Читать книгу «Форпост» онлайн полностью📖 — Андрея Ливадного — MyBook.

Глава 2

Система Y-406. Район посадки колониального транспорта «Надежда»…

Корабли инсектов появились внезапно.

Иван едва успел подняться в рубку «Хоплита», когда на включившихся голографических экранах, окружающих пилот-ложемент, внезапно начала разворачиваться телеметрия данных с датчиков бортовых систем штурмового носителя.

«Нибелунг» медленно поднимался, планетарные двигатели с изменяемым вектором тяги обладали достаточной мощностью, чтобы обеспечить многотонной машине не только подъем к зоне низких орбит, но (при необходимости) и экстренное маневрирование в атмосфере.

– Илья Андреевич, ты принимаешь данные?

– Вижу их. Пять кораблей. Двигаются курсом атаки. Цель – штурмовой носитель.

Возможности немедленного противодействия у них не было, это Иван понимал: оперативные ракеты легких серв-машин не достанут до находящихся в трехстах километрах целей, но автопилоты «Нибелунга» имели собственные боевые программы, которые обязаны отреагировать на появление противника.

Не факт.

Проблема заключалась в тонких настройках варианторов целей.

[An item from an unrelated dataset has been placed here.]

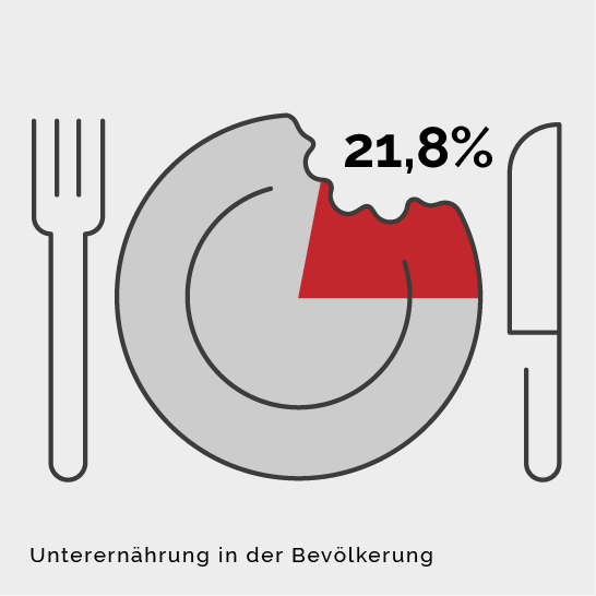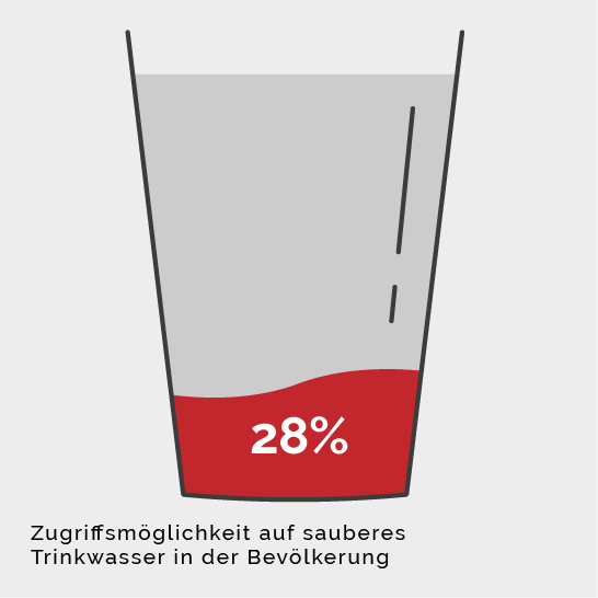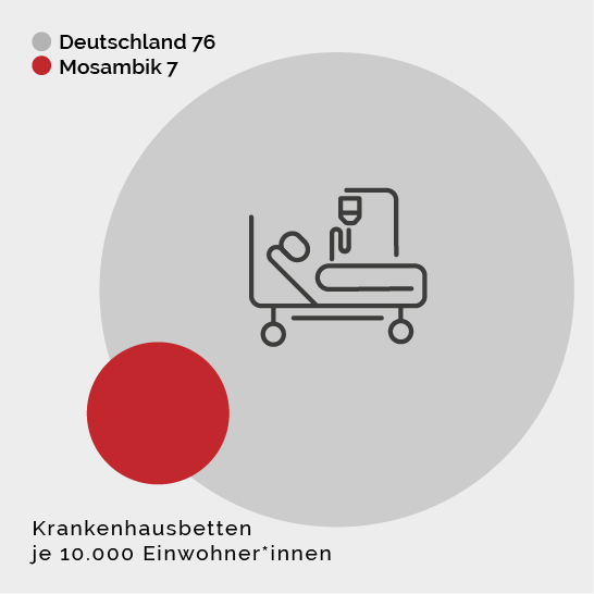 Die medizinische Infrastruktur ist besonders im ländlichen Raum schwach. Auf 10.000 Menschen kommt nur ein Arzt (zum Vergleich: in Deutschland sind es 44 Ärzte auf 10.000 Einwohner). Viele können sich ohnehin weder Arztbesuche noch Medikamente leisten.

Вся техника, действующая в пределах населенного инсектами скопления, проходила дополнительную отладку, когда в схемы управления автоматическим огнем вводились ограничители. Пока корабли насекомоподобных существ не произведут первый выстрел, провоцируя ответный огонь, штурмовой носитель будет продолжать подъем.

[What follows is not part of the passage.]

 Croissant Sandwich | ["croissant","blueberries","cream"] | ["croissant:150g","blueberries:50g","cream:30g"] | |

Патовая ситуация. Мощный, отлично вооруженный «Нибелунг» продолжал медленно карабкаться ввысь: орудийно-лазерные комплексы, обеспечивающие стопроцентное прикрытие всех полусфер, в данный момент были убраны внутрь бронированного корпуса, шахты электромагнитных катапульт, снаряженные тяжелыми ракетами класса «космос – земля», закрыты. На реактивацию боевых систем после первого выстрела со стороны кораблей инсектов уйдет десять-пятнадцать секунд, которые могут оказаться роковыми.

Решение пришло мгновенно.

Иван успел достать шунт прямого нейросенсорного контакта, но еще не подключил его к своему импланту.

– Илья Андреевич, принимай командование «Хоплитами»! Я переключаюсь на дистанционное управление носителем!

– Понял.

Черный, покрытый глянцевитой изоляцией оптический кабель, неприятно ассоциирующийся с притаившейся в руках змеей, с легким щелчком вошел в ответное гнездо под подлокотником пилот-ложемента. Теперь имплант.

Раздвоенное жало шунта раздвинуло герметичную заглушку на боевом шлеме, и контакты коснулись височного импланта.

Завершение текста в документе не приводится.